In August this year a British court decided that the data must be submitted for review. Several shortcomings were revealed. For example, the selection criteria were too wide, and the definitions of the concepts "healthy" and "improved" were changed during the study - which meant that the results could be quadrupled.

- We have not found the study useful, says Per Julin, specialist at the ME/CFS clinic at Stora Sköndal in Stockholm.

- It does not distinguish between for example stress- or infection triggered fatigue, and that makes it difficult to draw any conclusion at all.
 

Kalliope

Senior Member
Messages
367
Location
Norway
A Norwegian journal for physiotherapists has a short piece today on the developments on the PACE-trial. No new things in the article itself so won't bother with translation to English, but it is the first time the faults with the PACE-trial have been covered in media in Norway and therefore worth mentioning.
The first of many, I hope.
... and of course this gets criticised by prof. Gundersen (a fierce defender of PACE, debated in this thread).

Anyone up for a twitter-debate?


"Manipulated results in PACE-trial"
Prof. Gundersen: "This is not correct. There is no manipulation and this is not something new as for now"
 

Cheshire

Senior Member
Messages
1,129
Editorial by @Keith Geraghty in The Journal Of Health Psychology:
‘PACE-Gate’: When clinical trial evidence meets open data access

Abstract
Science is not always plain sailing and sometimes the voyage is across an angry sea. A recent clinical trial of treatments for chronic fatigue syndrome (the PACE trial) has whipped up a storm of controversy. Patients claim the lead authors overstated the effectiveness of cognitive behavioural therapy and graded exercise therapy by lowering the thresholds they used to determine improvement. In this extraordinary case, patients discovered that the treatments tested had much lower efficacy after an information tribunal ordered the release of data from the PACE trial to a patient who had requested access using a freedom of information request.
http://m.hpq.sagepub.com/content/early/2016/10/27/1359105316675213.full.pdf
 

AndyPR

Senior Member
Messages
2,516
Location
Guiding the lifeboats to safer waters.
Is this right?
Within days of the release, patients examined the authors’ new data publication and the raw data found its way on to patient forums. It quickly became apparent that the improvements reported by White et al. (2011a) were much reduced when the original protocol thresholds (White et al., 2007) were applied. Using the trial’s original markers for improvement, the effectiveness of CBT and GET fell from the reported 59 and 61 per cent, to just 20 and 21 per cent, respectively (Figure 1).

Figure 1 being
Screen Shot 2016-11-02 at 13.29.47.png


As the source details state, the graph isn't from the patient analysis but the QMUL reanalysis.
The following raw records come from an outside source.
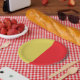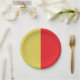 This paper plate has yellow on one side and red on the other side.
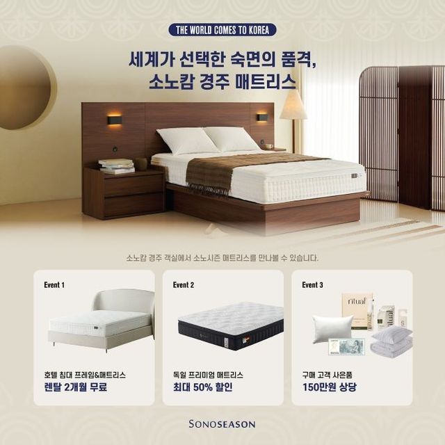 이를 기념해 소노시즌은 주요 국제회의 대표단이 체험한 침대를 소비자들이 합리적으로 마련할 수 있도록 특별 프로모션을 전개한다. 오는 11월31일까지 전국 직영점과 브랜드 스토어, 백화점 등 전체 오프라인 매장에서 풍성한 혜택으로 펼쳐진다.
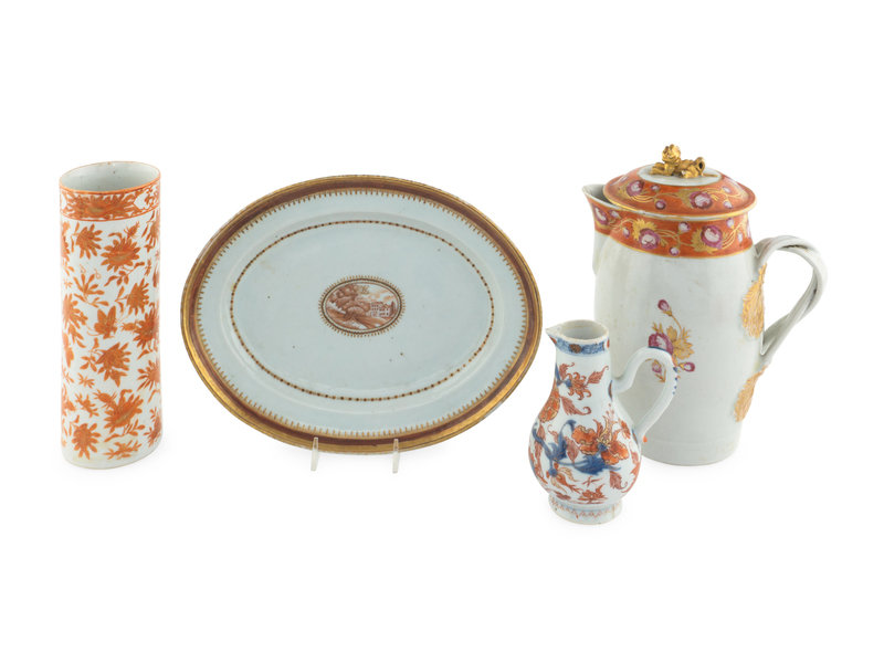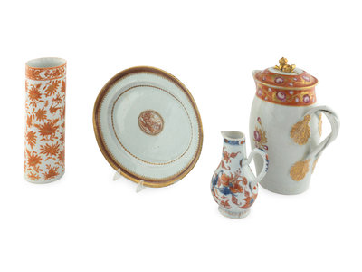 Four Chinese Export Parcel Gilt Porcelain Articles

I think this should have been used, from http://www.virology.ws/2016/09/21/no-recovery-in-pace-trial-new-analysis-finds/
Screenshot-2016-09-20-18.20.19.png

and figures in the article therefore should be CBT 7% and GET 4%.

Wouldn't that then make more sense, or am I confusing myself? @Keith Geraghty ??
 

trishrhymes

Senior Member
Messages
2,158
Yes, the one Keith Geraghty published is based on the QMUL analysis of the 'improvement' data. What patients added to this was the comparison with the 2011 claims and turning it into a graph showing how much the figures had shrunk.
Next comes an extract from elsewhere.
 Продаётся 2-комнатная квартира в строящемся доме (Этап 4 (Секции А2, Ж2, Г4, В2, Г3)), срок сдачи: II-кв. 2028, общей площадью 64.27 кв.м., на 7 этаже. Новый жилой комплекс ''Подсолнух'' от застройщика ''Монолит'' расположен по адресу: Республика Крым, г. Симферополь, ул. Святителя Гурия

I wondered why he hadn't used the recovery graph from Mathees et al on Virology, but thought perhaps he was leaving the field clear for them to be the first to get the recovery data into a peer reviewed journal, which I have gathered they are going to try to do. If he'd published this part of the data, journals could perhaps claim it had already been published, so they wouldn't do so. Just guessing here.
 

Valentijn

Senior Member
Messages
15,786
I wondered why he hadn't used the recovery graph from Mathees et al on Virology, but thought perhaps he was leaving the field clear for them to be the first to get the recovery data into a peer reviewed journal, which I have gathered they are going to try to do.
It's also possible that Geraghty's paper was submitted after White posted the protocol-defined improvement figures, but before Mathees' re-analysis of the recovery data was posted. It usually takes some months for papers to be published, and I doubt Geraghty's was an exception.